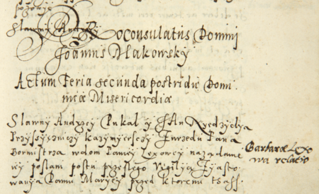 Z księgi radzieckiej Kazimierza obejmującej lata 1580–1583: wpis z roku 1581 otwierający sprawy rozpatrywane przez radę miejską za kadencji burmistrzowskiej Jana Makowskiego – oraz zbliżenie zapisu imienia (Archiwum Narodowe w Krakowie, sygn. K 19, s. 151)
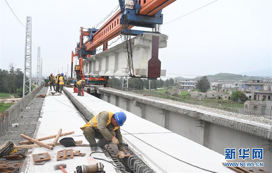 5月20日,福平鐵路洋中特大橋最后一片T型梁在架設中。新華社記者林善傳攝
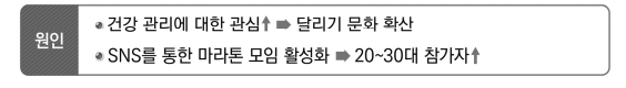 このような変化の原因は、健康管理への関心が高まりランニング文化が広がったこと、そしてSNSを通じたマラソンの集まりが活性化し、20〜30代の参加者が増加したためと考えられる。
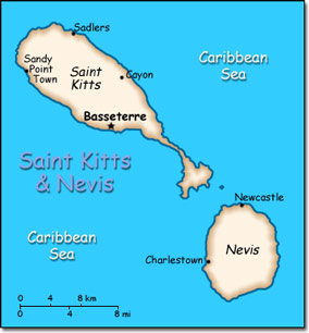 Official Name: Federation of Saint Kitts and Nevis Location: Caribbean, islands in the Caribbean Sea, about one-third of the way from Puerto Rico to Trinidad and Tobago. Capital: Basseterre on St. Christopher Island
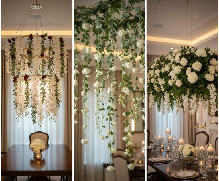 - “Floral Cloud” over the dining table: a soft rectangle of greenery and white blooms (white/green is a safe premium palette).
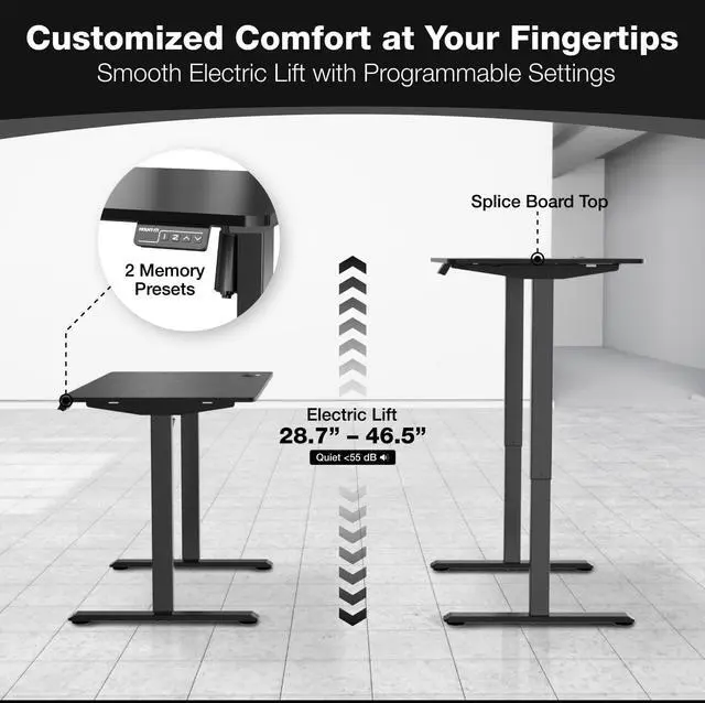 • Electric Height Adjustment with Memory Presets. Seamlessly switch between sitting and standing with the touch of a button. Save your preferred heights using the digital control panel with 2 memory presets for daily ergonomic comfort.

::::

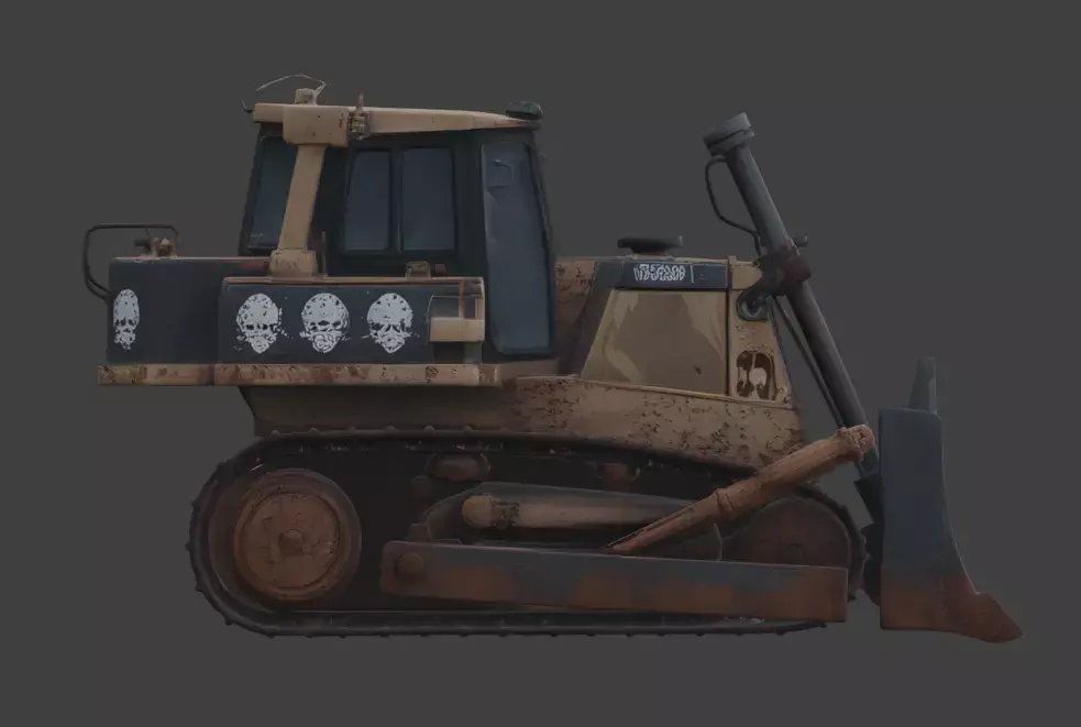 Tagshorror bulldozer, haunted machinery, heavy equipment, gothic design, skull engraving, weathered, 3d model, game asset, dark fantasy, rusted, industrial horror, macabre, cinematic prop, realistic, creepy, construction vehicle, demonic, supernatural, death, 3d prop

::::

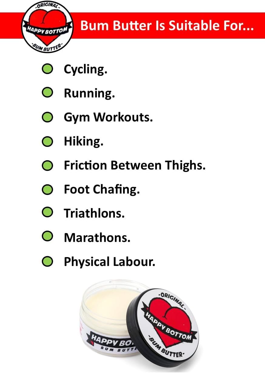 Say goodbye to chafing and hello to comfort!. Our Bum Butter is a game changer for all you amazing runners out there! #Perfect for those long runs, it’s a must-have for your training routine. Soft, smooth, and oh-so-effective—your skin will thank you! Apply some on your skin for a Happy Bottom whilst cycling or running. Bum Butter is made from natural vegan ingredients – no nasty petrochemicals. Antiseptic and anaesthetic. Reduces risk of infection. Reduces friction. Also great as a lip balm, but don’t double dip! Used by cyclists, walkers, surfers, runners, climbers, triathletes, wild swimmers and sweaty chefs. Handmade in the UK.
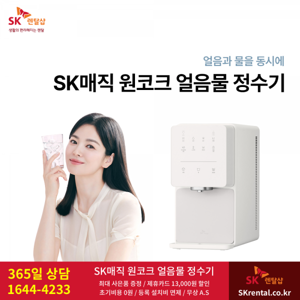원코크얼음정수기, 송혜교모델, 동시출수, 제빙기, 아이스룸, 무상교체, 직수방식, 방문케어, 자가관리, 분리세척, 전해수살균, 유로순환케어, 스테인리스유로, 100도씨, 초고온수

::::

Print an exact copy of the lines above, from the one containing "Z księgi radzieckiej" through the one containing "このような変化の原因は、健康", and leave out the pictures.

● RESPONSE AREA
 Z księgi radzieckiej Kazimierza obejmującej lata 1580–1583: wpis z roku 1581 otwierający sprawy rozpatrywane przez radę miejską za kadencji burmistrzowskiej Jana Makowskiego – oraz zbliżenie zapisu imienia (Archiwum Narodowe w Krakowie, sygn. K 19, s. 151)
 5月20日,福平鐵路洋中特大橋最后一片T型梁在架設中。新華社記者林善傳攝
 このような変化の原因は、健康管理への関心が高まりランニング文化が広がったこと、そしてSNSを通じたマラソンの集まりが活性化し、20〜30代の参加者が増加したためと考えられる。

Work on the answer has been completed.